BRIEF:
Can you write out every line from the start of the records below through the line containing "大人な印象のブラックスピネル", leaving out any pictures?

TASK DATA:
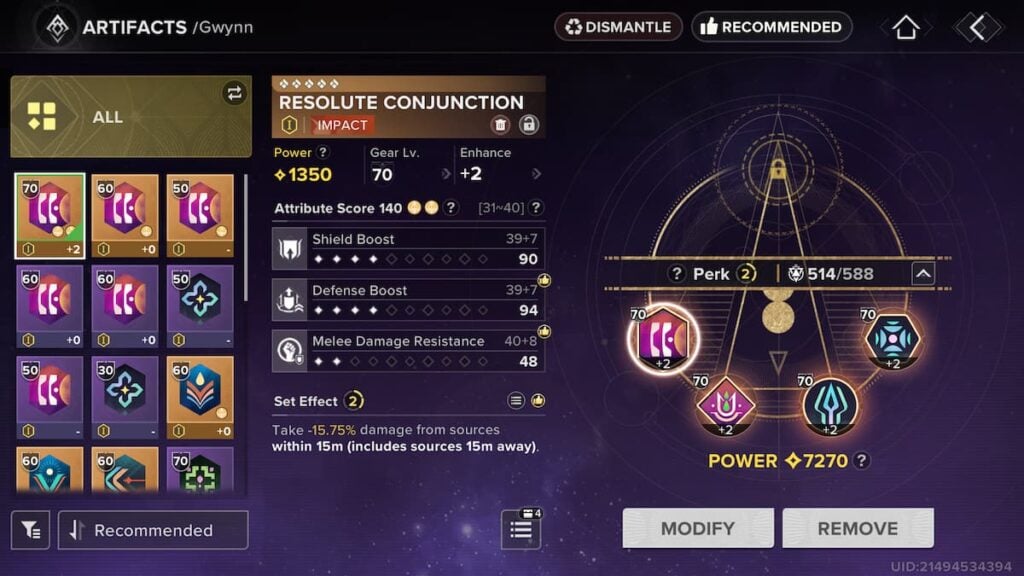 属性に関しては、1番目と2番目のスロットのアーティファクトは防御統計をロールすることができ、3番目と4番目のアーティファクトは攻撃的な統計をロールすることができます。最初の2つのスロットで抵抗と一般的な防御を高める統計を取得することを目指します。攻撃の場合、能力の損傷を増やすための統計は必須です:能力強度、署名ブースト、スーパーブースト。 Gwynnの武器の習得を最大限に活用すると、武器の強化がより便利になり、特に2つの空白の武器が装備されている場合は、Void Boostもまともです。
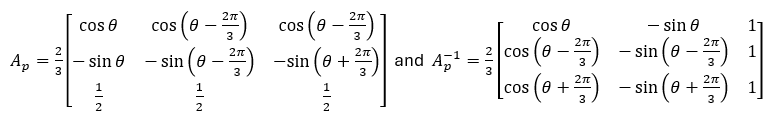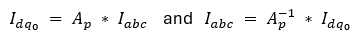 Park equation standard method (amplitude invariant) is used here, linking current in abc frame to current in the dq0 frame:
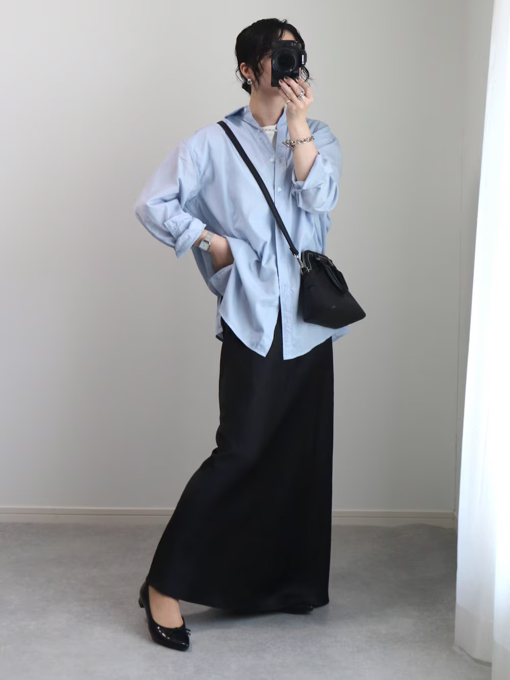 堪稱秒顯高級度配色的首選,絕對非「天空藍與黑」莫屬,以天空藍襯衫混搭黑色裙子,俐落的穿搭技巧打造專屬時髦態度,當天氣轉涼的時候,不妨加入西裝外套、風衣混合,便能快速點亮注目的層次魅力。
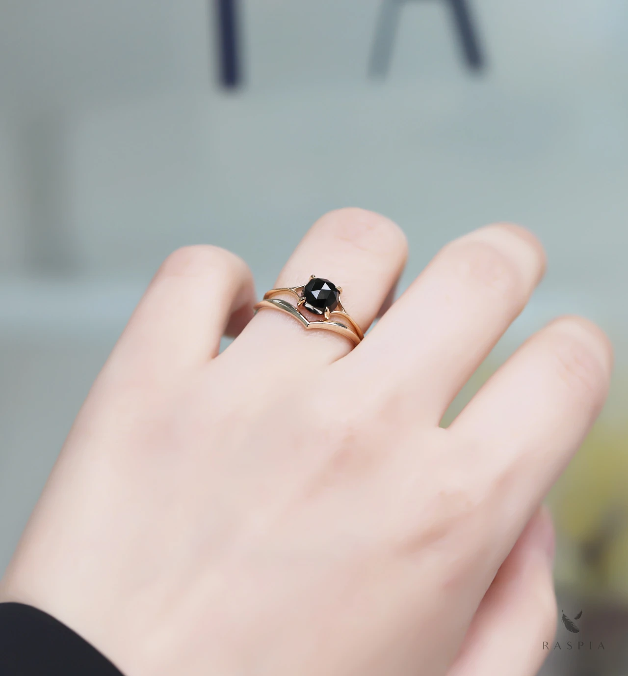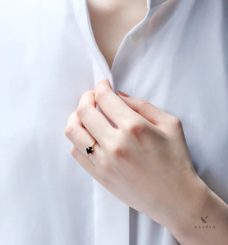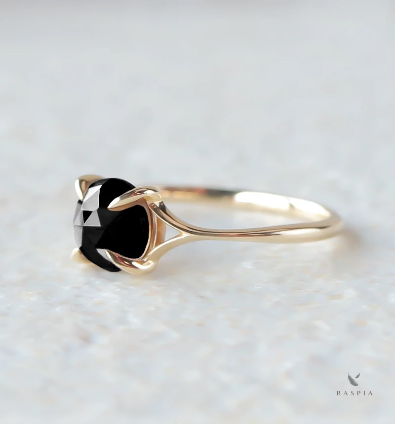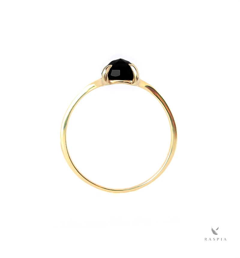 大人な印象のブラックスピネルを使用したK10リングです。ローズカットの表面に施された24面のカット面が光を反射し、キラキラと美しく輝きます。スピネルは8月の誕生石です。
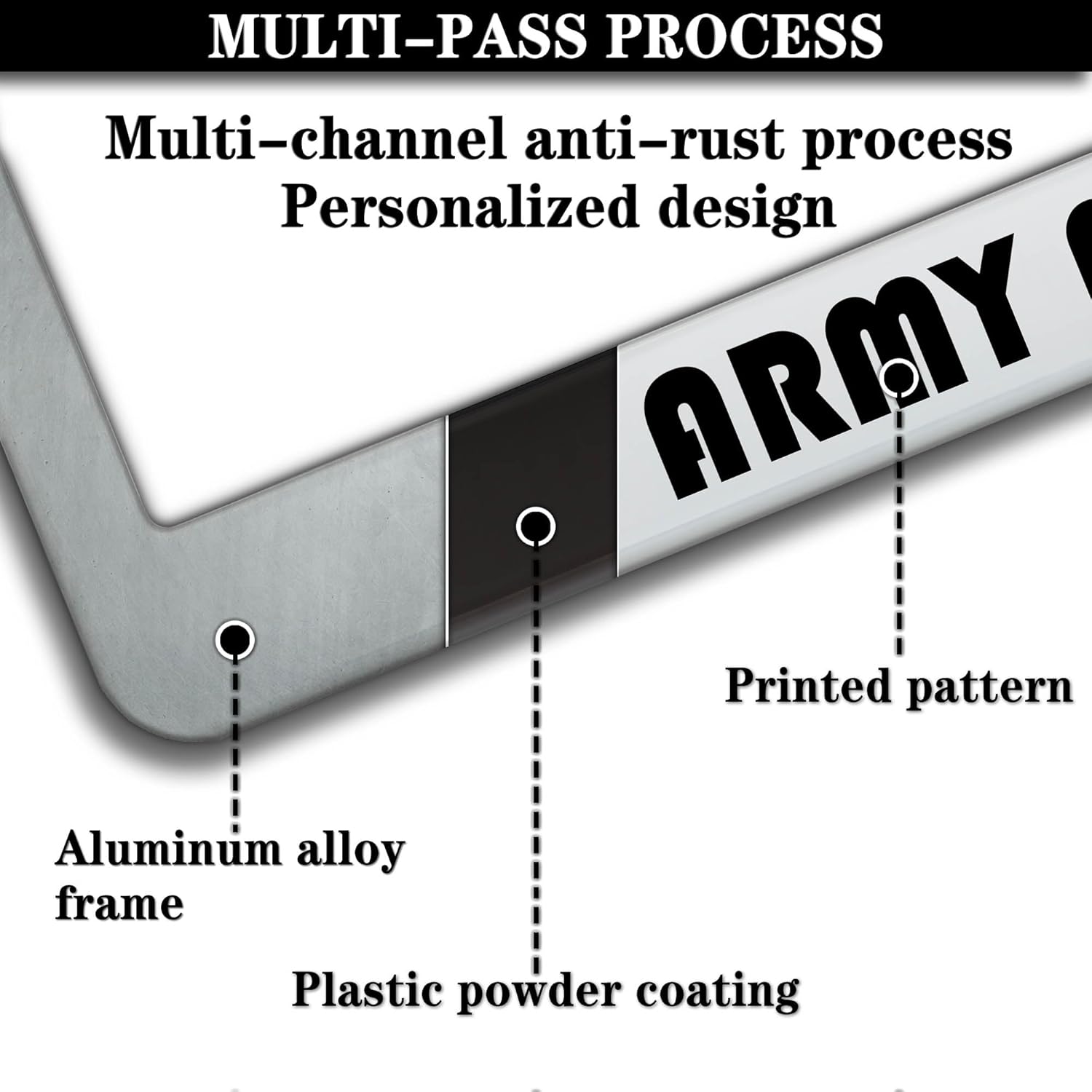 - ALUMINUM FRAME: This License Plate Frame is crafted from high-quality aluminum that is resistant to corrosion, rust, and harsh weather conditions. Its rugged reliability design ensures a long lifespan, making it capable of withstanding car washes and extreme weather, providing you with a reliable and stylish solution for your vehicle.
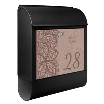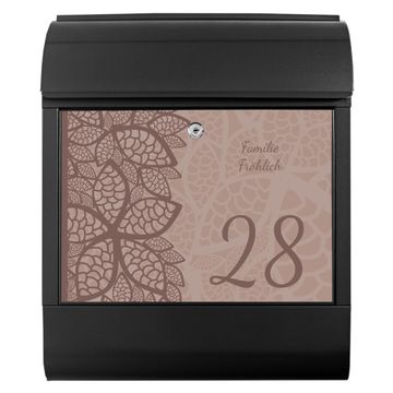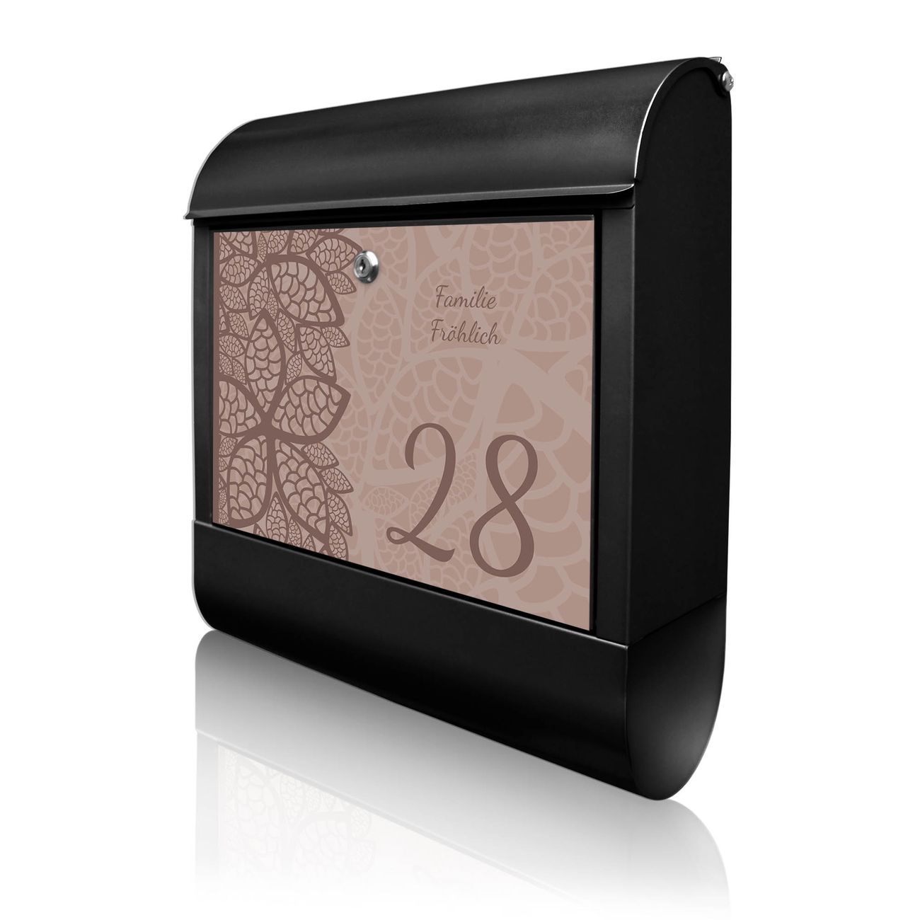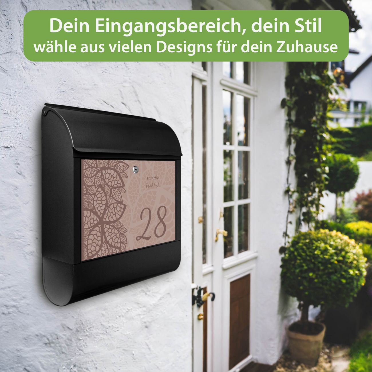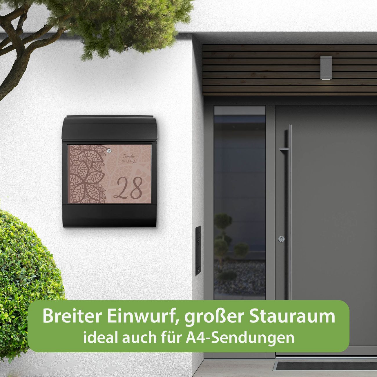 DESIGN: Der Postkasten mit Motiv Motiv Blattmuster hat ein sehr ansprechendes und ausgefallenes Design, damit entlocken Sie Ihren Nachbarn und dem Postboten ein Lächeln. Heben Sie Sich von der tristen grauen Masse ab, ohne auf Funktionalität zu verzichten. DETAILS: Der Postkasten besteht aus pulverbeschichtetem Stahl. Er ist 38x46x12,5cm groß. Das Motiv besteht aus einer wetter- und UV-resistenten Folie, die mit einem Schutzlaminat überzogen ist, sodass der Briefkasten zusätzlich vor Kratzern geschützt ist. Der Briefkasten wird mit Montagematerial, zusätzlich zwei Schlüssel sowie einer Bohrschablone geliefert. NUTZEN: Sie können diesen Briefkasten sowohl als Wandbriefkasten montieren oder einen passenden Ständer kaufen und als Standbriefkasten einbetonieren. Die Größe bietet genügend Platz für Sendungen aller Art, der Einwurf fasst auch größere A4 Sendungen. BANJADO: Ihr Briefkasten wird in Sachsen in einer kleinen Manufaktur von Hand veredelt. Die Motivfolie ist lösungsmittelfrei und schutzlaminiert für einen langen Halt. Wir legen großen Wert auf die Verbindung von Funktionalität und Design. Sie erhalten Handarbeit aus Sachsen.

OUTPUT FOR THIS TASK:
 属性に関しては、1番目と2番目のスロットのアーティファクトは防御統計をロールすることができ、3番目と4番目のアーティファクトは攻撃的な統計をロールすることができます。最初の2つのスロットで抵抗と一般的な防御を高める統計を取得することを目指します。攻撃の場合、能力の損傷を増やすための統計は必須です:能力強度、署名ブースト、スーパーブースト。 Gwynnの武器の習得を最大限に活用すると、武器の強化がより便利になり、特に2つの空白の武器が装備されている場合は、Void Boostもまともです。
 Park equation standard method (amplitude invariant) is used here, linking current in abc frame to current in the dq0 frame:
 堪稱秒顯高級度配色的首選,絕對非「天空藍與黑」莫屬,以天空藍襯衫混搭黑色裙子,俐落的穿搭技巧打造專屬時髦態度,當天氣轉涼的時候,不妨加入西裝外套、風衣混合,便能快速點亮注目的層次魅力。
 大人な印象のブラックスピネルを使用したK10リングです。ローズカットの表面に施された24面のカット面が光を反射し、キラキラと美しく輝きます。スピネルは8月の誕生石です。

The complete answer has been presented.